I just said that ethical values lie outside the
scientific realm. I have to defend that, because many people think the other
way. They think that scientifically we should get some conclusions about moral
values.
I have several reasons for that. You see, if you
don't have a good reason, you have to have several reasons, so I have four
reasons to think that moral values lie outside the scientific realm. First, in
the past there were conflicts. The metaphysical positions have changed, and
there
44
The Meaning of It All
have been practically no effects on the ethical
views. So there must be a hint that there is an independence.

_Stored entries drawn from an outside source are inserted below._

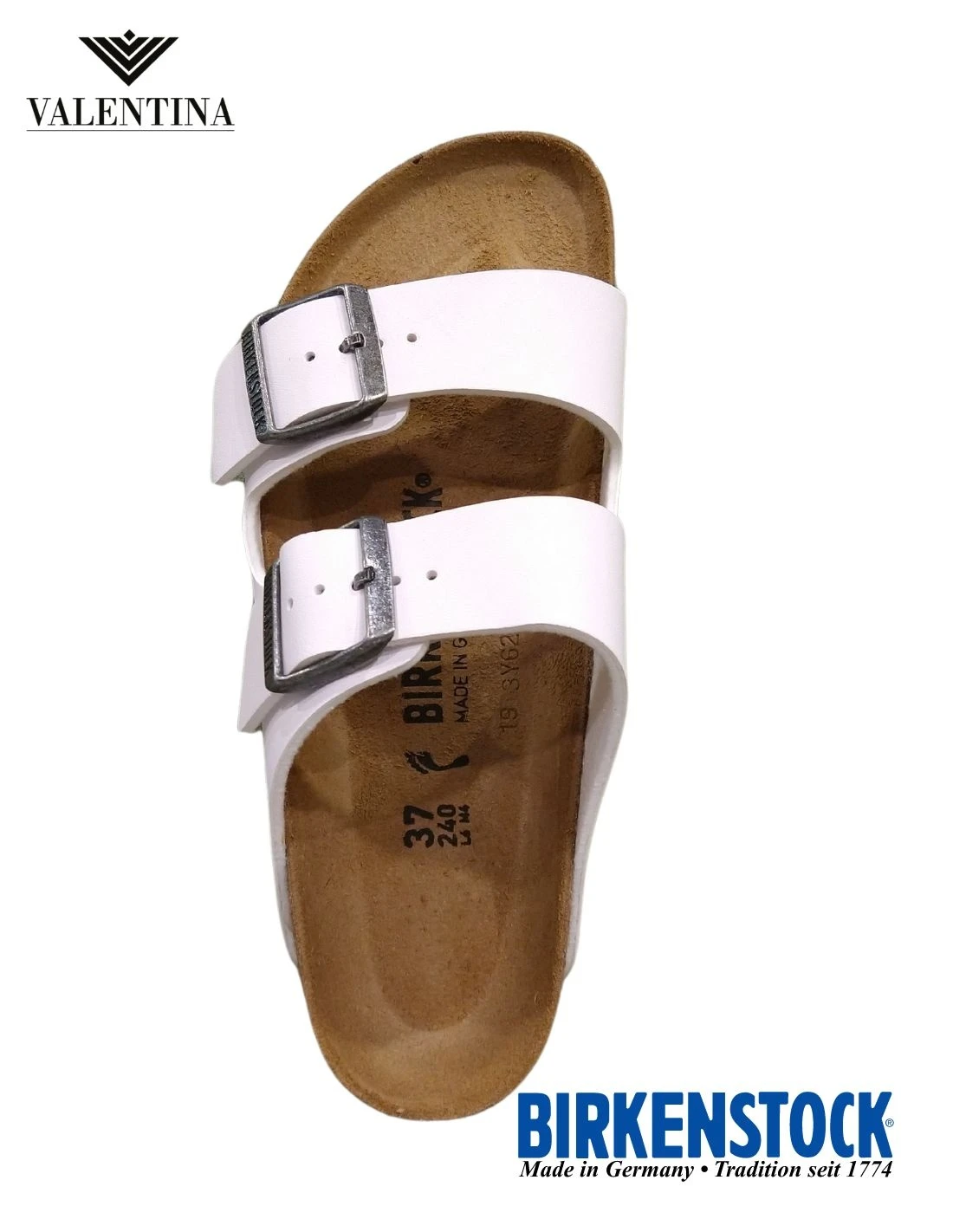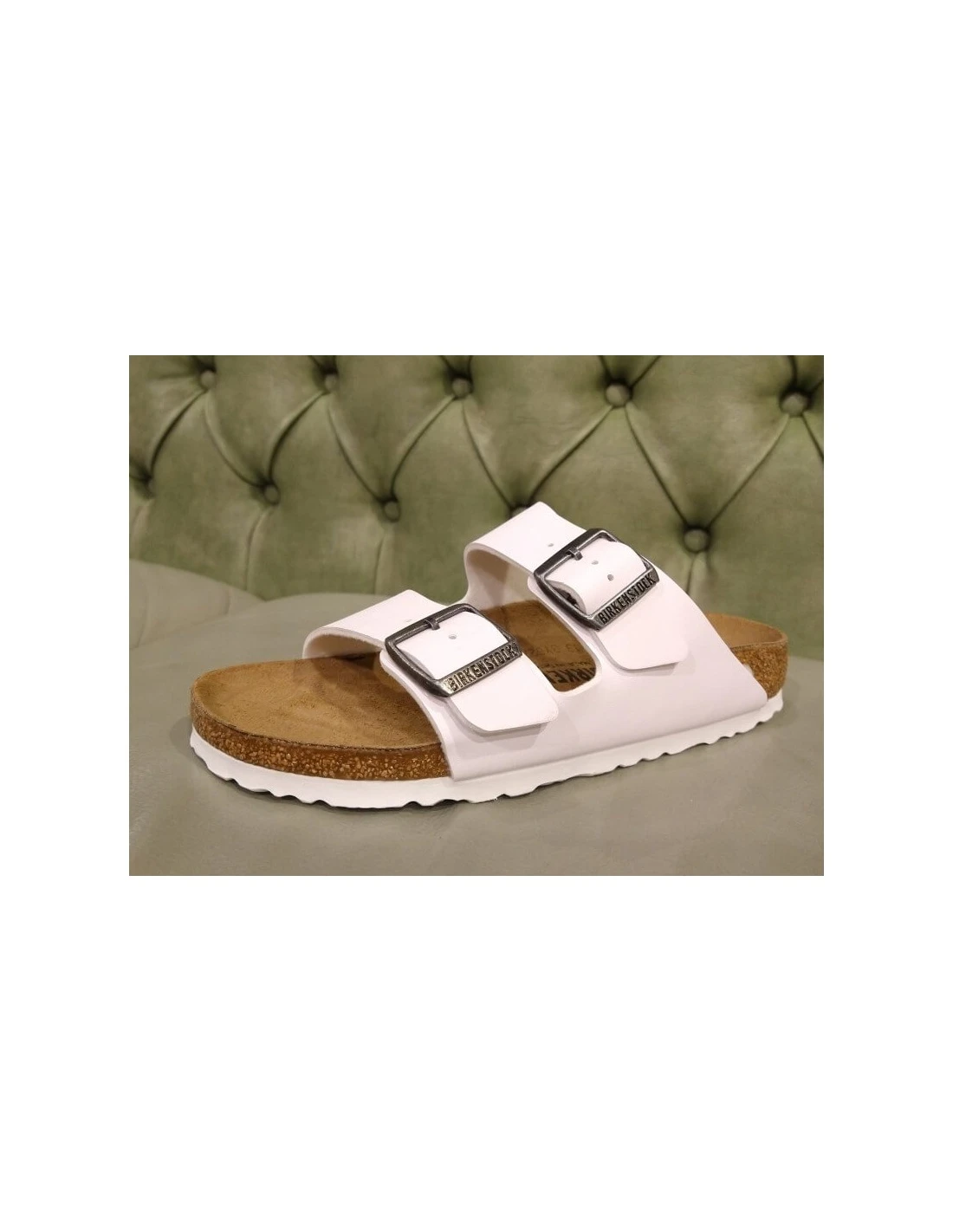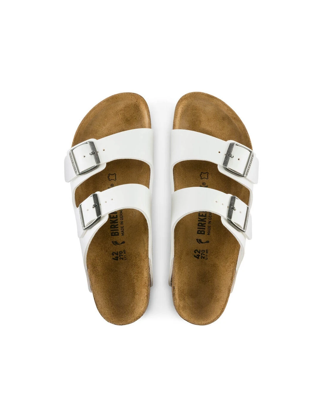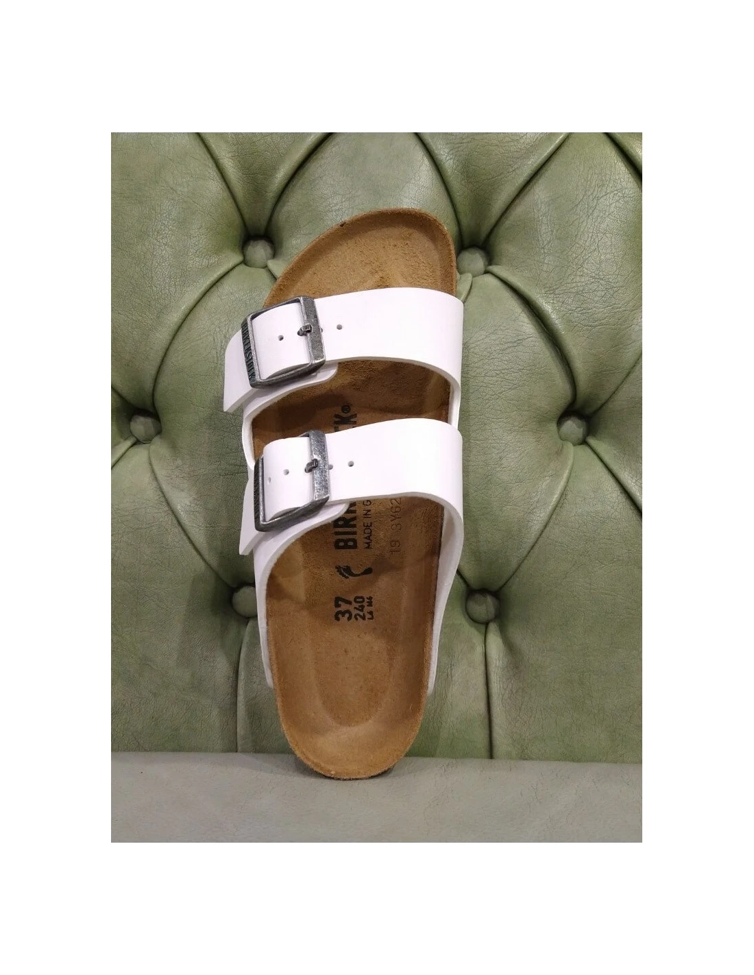 Sandali Birkenstock modelli classico Arizona a due fasce, colore bianco, con suola in gomma bianca. Variante in birko flor, il materiale Birkenstock dermoaffine e resistente. Versione classica con plantare anatomico e fibbie in colore metallo silver.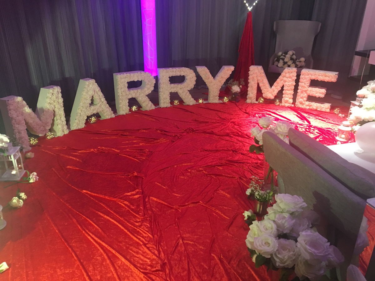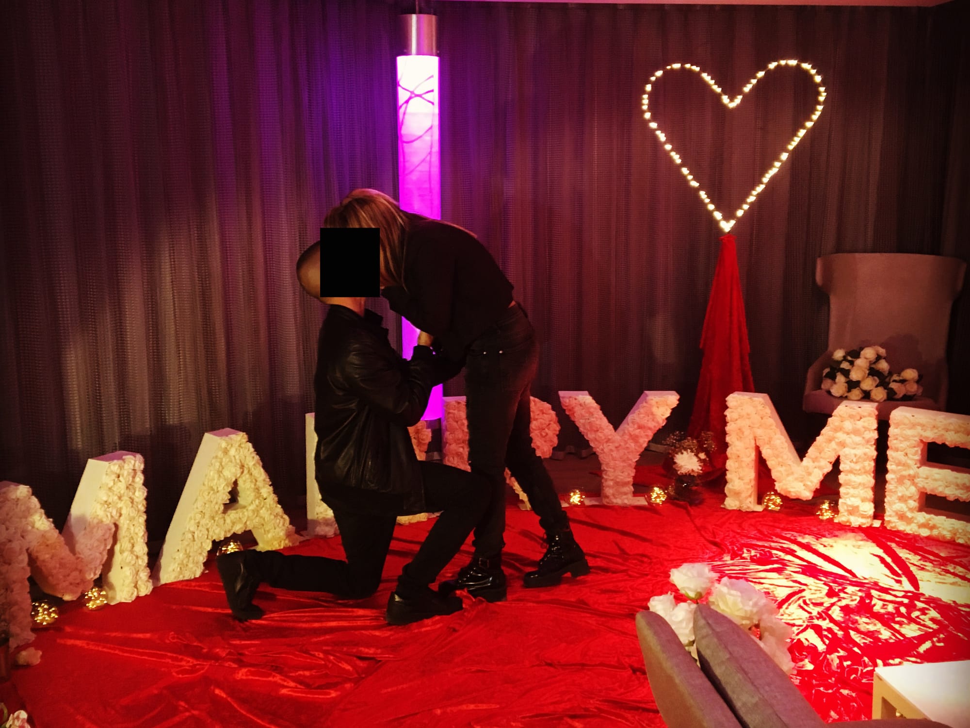 MARRY ME בפרחים עיצוב להצעת נישואין בחדר במלון או בצימר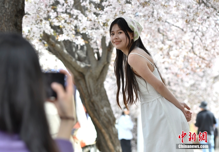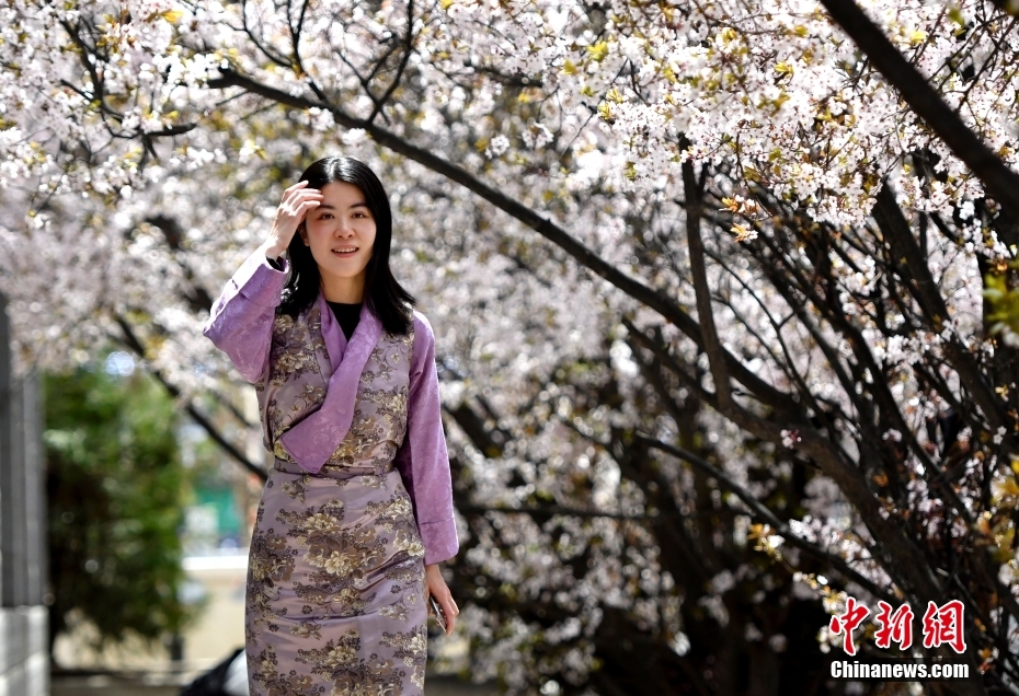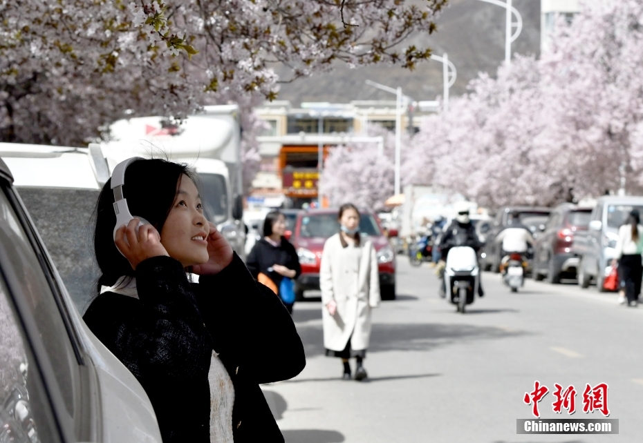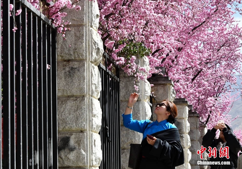 4月1日,市民在春花綻放的道路旁賞花。隨著雪域高原天氣回暖,西藏拉薩市區各條道路春花綻放。因道路兩(liang) 側(ce) 繁華似錦,拉薩市城關(guan) 區軍(jun) 民路成網紅打卡地,市民遊客紛紛前來打卡拍照。中新社記者 李林 攝

Second, I already pointed out that, I think at least,
there are good men who practice Christian ethics and don't believe in the
divinity of Christ. Incidentally, I forgot to say earlier that I take a
provincial view of religion. I know that there are many people here who have
religions that are not Western religions. But in a subject as broad as this it
is better to take a special example, and you have to just translate to see how
it looks if you are an Arab or a Buddhist, or whatever.
The third thing is that, as far as I know in the
gathering of scientific evidence, there doesn't seem to be anywhere, anything
that says whether the Golden Rule is a good one or not. I don't have any
evidence of it on the basis of scientific study.
And finally I would like to make a little
philosophical argument‑this I'm not very good at, but I would like to
make a little philosophical argument to explain why theoretically I think that
science and moral questions are independent. The common human problem, the big
question, always is "Should I do this?" It is a question of action.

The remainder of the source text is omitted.